Musikalisch begann der Abend mit einem Marsch und dem populären Walzer Nr. 2 aus der aus acht Sätzen bestehenden Suite für Varieté-Orchester von Dmitri Schostakowitsch. Dirigent Scott Lawton wirkte am Pult als ein bis ins Detail mitmusizierender Leiter, dem die Berufsmusiker beweglich und gefügig folgten. Seine Moderationen zu dem anspruchsvollen und abwechslungsreichen Programm waren zudem kompetent und witzig. „Under the Sea“, die Geschichte der kleinen Meerjungfrau „Arielle“, mit Calypsoklängen war den jungen Leuten im Saal gewidmet. Krimizeit gab es mit Henri Mancini und seinem „rosaroten Panther“ sowie „Miss Marple“ von Ron Goodwin. Und auch das Potpourri der „Comedian Harmonists“ mit dem „guten Freund“, dem „kleinen grünen Kaktus“ und der „Veronika“ kam an.

Der „Herzog von Braunschweig“ war der erste Marsch, den Peter Hilgers gelernt hatte. Er und sein Bruder Heinz sowie Helmut Heister, Tim und Christoph Grytz gehören zu den fünf Aktiven, die in Stolberg einmal beheimatet waren und in diesem besonderen Orchester jetzt mitwirken. Letzterer spielte das Tuba-Solo in der Cavatine aus dem „Barbier von Sevilla“. Aus dem reichen Repertoire von Josef und Johann Strauß präsentierten die mehr als 40 qualifizierten und engagierten Musiker den Dynamiden- und Kaiserwalzer sowie die Pizzicato-Polka und ließen das traditionelle Neujahrskonzert aus dem Großen Wiener Musikvereinssaal in Stolberg lebendig werden. Vor der Pause gab es noch Musik des amerikanischen Komponisten George Gershwin, dessen Gespür für symphonische Melodien das Polizeiorchester glaubhaft zum Ausdruck brachte. Zu Recht gilt er als einer der besten Musiker des 20. Jahrhunderts. Es war ein genussvolles Zuhören.

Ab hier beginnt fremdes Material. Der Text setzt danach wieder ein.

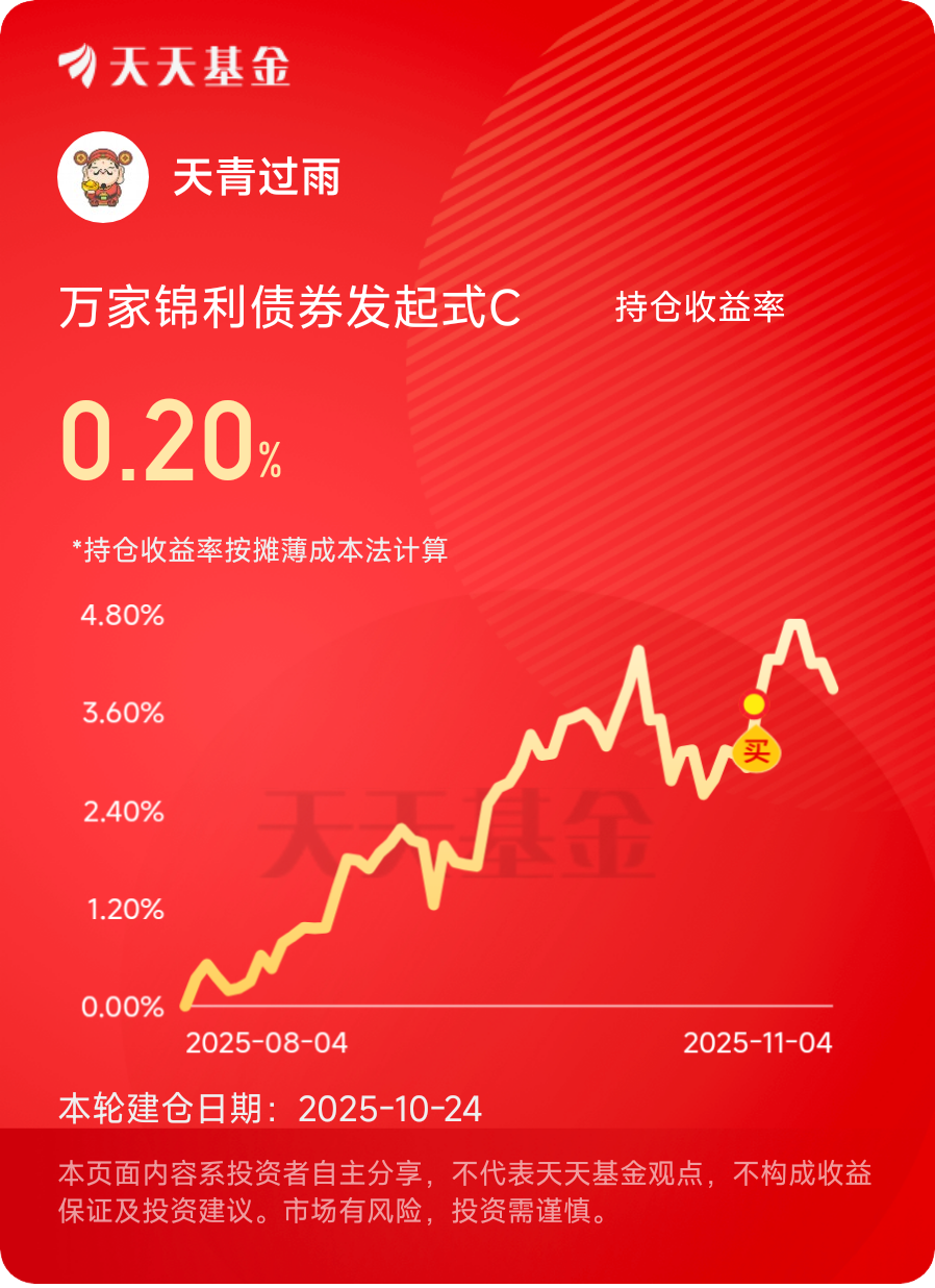 市场行情变幻莫测,我就信赖锦利,债券打底够稳,权益仓位又能抓住股市机会$万家锦利债券发起式C$ #晒收益#

Im zweiten Teil präsentierten die Damen und Herren Klassisches von Giacomo Rossini, Richard Wagner und Edvard Grieg.

Zu den bekanntesten Stücken zählten die Figaro-Cavatine aus dem „Barbier von Sevilla“, der Einzug der Gäste aus „Tannhäuser“ und die aus der Werbung bekannte „Morgenstimmung“. Freunde von Blues und Dixieland kamen mit „South Rampart Street Parade“ von Ray Bauduc voll auf ihre Kosten. Wahre Begeisterungsstürme von Seiten der Zuhörer taten sich auf, und es gab Standing Ovations ohne Ende. Als Zugaben erklangen zwei Militärmärsche, darunter der Radetzky-Marsch, der nicht nur traditionell das Neujahrskonzert der Wiener Philharmoniker beendet, sondern auch das Benefizkonzert in Stolberg.

Bürgermeister Dr. Grüttemeier war stolz auf diese Veranstaltung und bedankte sich bei allen Ehrenamtlern, die für einen reibungslosen Ablauf gesorgt hatten.    

Auch die unbegleiteten Flüchtlinge halfen in der Pause mit und bewirteten die Gäste.